- **Problem**
Only one stretch of the data below is needed. Output the lines from the one with "Pantalla LCD Qunchuang" up to and including the one with "Strapless colorblock woven", exactly as they stand.

- **Exercise material**
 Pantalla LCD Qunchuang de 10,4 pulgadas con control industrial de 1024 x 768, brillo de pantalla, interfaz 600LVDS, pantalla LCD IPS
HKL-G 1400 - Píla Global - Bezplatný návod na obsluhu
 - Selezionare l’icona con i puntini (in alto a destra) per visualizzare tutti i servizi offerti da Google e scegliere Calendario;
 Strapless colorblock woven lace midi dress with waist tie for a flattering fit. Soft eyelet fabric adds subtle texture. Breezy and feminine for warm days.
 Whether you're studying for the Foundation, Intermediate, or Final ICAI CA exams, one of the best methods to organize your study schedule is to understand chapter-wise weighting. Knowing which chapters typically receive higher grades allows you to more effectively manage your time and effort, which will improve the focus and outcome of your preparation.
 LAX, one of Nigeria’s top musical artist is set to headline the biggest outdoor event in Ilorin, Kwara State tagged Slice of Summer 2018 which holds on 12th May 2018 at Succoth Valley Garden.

---

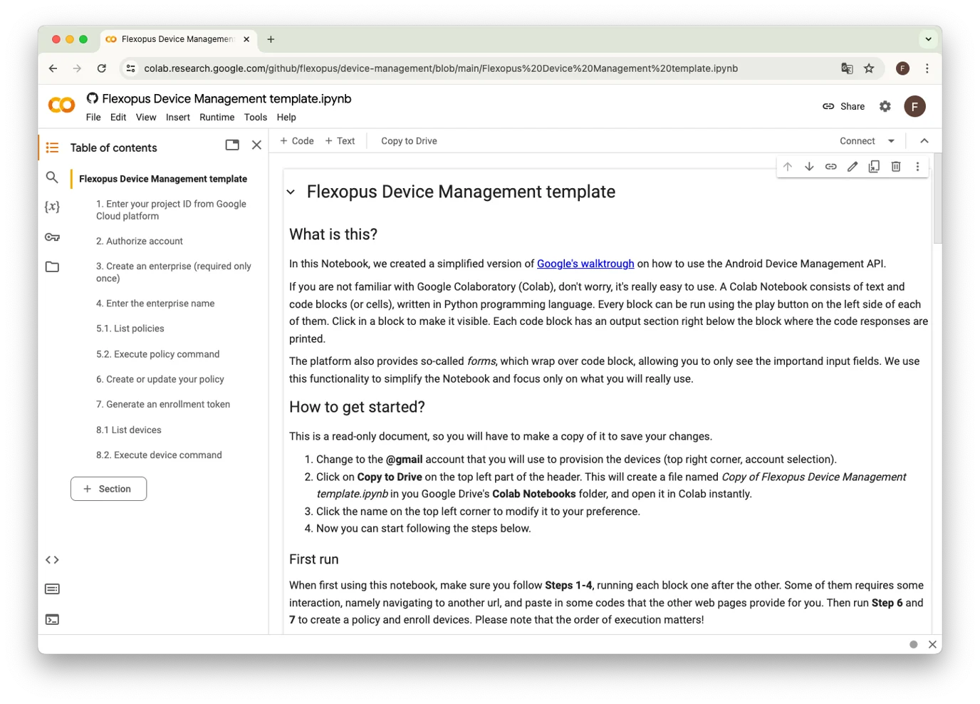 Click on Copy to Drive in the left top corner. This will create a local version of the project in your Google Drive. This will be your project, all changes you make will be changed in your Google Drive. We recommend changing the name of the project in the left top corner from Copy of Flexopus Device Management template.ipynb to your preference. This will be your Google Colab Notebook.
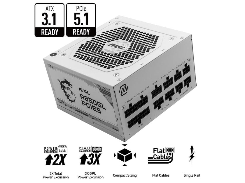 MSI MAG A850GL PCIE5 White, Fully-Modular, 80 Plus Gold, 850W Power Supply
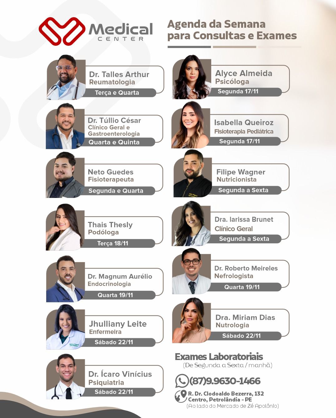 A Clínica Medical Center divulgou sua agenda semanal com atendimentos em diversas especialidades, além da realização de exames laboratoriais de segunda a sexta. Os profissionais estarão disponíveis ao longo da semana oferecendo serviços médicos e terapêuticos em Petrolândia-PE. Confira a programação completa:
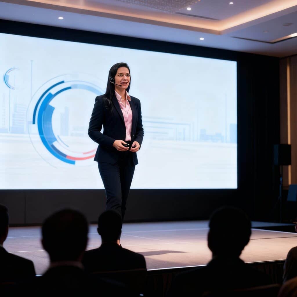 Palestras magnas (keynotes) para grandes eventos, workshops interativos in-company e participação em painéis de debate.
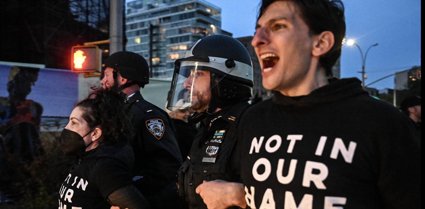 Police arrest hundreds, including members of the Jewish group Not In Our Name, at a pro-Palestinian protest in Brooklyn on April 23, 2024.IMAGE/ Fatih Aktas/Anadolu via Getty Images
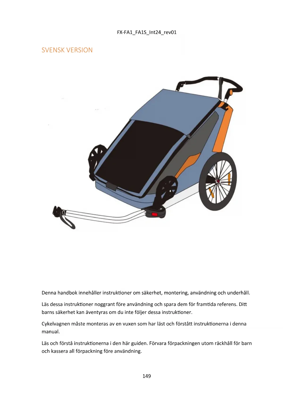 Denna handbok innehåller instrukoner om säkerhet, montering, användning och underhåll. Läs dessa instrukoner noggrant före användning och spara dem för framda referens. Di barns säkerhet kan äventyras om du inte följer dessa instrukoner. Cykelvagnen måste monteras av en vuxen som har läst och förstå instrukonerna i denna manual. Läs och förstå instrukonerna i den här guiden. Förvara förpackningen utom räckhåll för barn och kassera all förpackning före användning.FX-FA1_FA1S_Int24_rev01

==

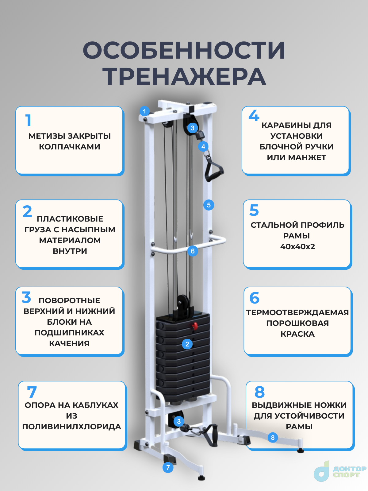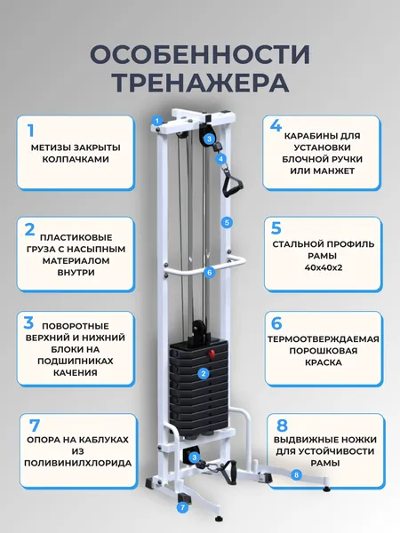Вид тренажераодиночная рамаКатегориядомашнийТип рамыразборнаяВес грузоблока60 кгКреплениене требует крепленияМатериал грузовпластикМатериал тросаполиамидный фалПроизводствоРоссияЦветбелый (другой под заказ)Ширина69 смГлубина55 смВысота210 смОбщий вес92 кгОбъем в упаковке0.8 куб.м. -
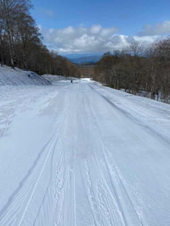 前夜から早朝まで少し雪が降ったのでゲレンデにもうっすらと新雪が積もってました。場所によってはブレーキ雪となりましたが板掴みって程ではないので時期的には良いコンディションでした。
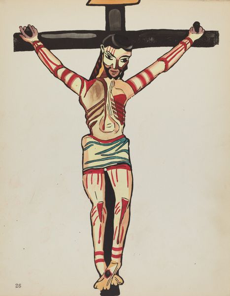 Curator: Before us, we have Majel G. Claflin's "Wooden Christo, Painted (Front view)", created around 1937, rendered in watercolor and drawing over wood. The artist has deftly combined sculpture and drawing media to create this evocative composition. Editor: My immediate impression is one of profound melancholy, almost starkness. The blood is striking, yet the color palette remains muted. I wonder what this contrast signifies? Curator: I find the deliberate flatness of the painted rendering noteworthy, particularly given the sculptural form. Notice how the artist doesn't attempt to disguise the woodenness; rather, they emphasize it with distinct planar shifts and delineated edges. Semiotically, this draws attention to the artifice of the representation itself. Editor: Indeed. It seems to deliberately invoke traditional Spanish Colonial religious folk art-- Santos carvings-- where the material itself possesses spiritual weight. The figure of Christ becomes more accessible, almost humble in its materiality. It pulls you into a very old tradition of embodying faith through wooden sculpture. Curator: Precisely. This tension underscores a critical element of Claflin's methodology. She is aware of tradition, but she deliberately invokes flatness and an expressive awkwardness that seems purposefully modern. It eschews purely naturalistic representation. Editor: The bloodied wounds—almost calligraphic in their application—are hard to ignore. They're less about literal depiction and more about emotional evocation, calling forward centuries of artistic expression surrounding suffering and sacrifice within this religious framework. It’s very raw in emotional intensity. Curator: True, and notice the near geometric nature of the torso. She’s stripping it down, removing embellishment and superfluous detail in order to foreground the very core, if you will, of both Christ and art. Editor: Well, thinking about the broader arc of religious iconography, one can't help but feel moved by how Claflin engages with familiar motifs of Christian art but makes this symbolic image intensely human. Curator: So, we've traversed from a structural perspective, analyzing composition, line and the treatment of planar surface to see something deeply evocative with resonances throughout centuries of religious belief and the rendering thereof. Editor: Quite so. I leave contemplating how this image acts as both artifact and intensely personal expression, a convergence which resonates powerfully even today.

- **Written answer**
 Pantalla LCD Qunchuang de 10,4 pulgadas con control industrial de 1024 x 768, brillo de pantalla, interfaz 600LVDS, pantalla LCD IPS
HKL-G 1400 - Píla Global - Bezplatný návod na obsluhu
 - Selezionare l’icona con i puntini (in alto a destra) per visualizzare tutti i servizi offerti da Google e scegliere Calendario;
 Strapless colorblock woven lace midi dress with waist tie for a flattering fit. Soft eyelet fabric adds subtle texture. Breezy and feminine for warm days.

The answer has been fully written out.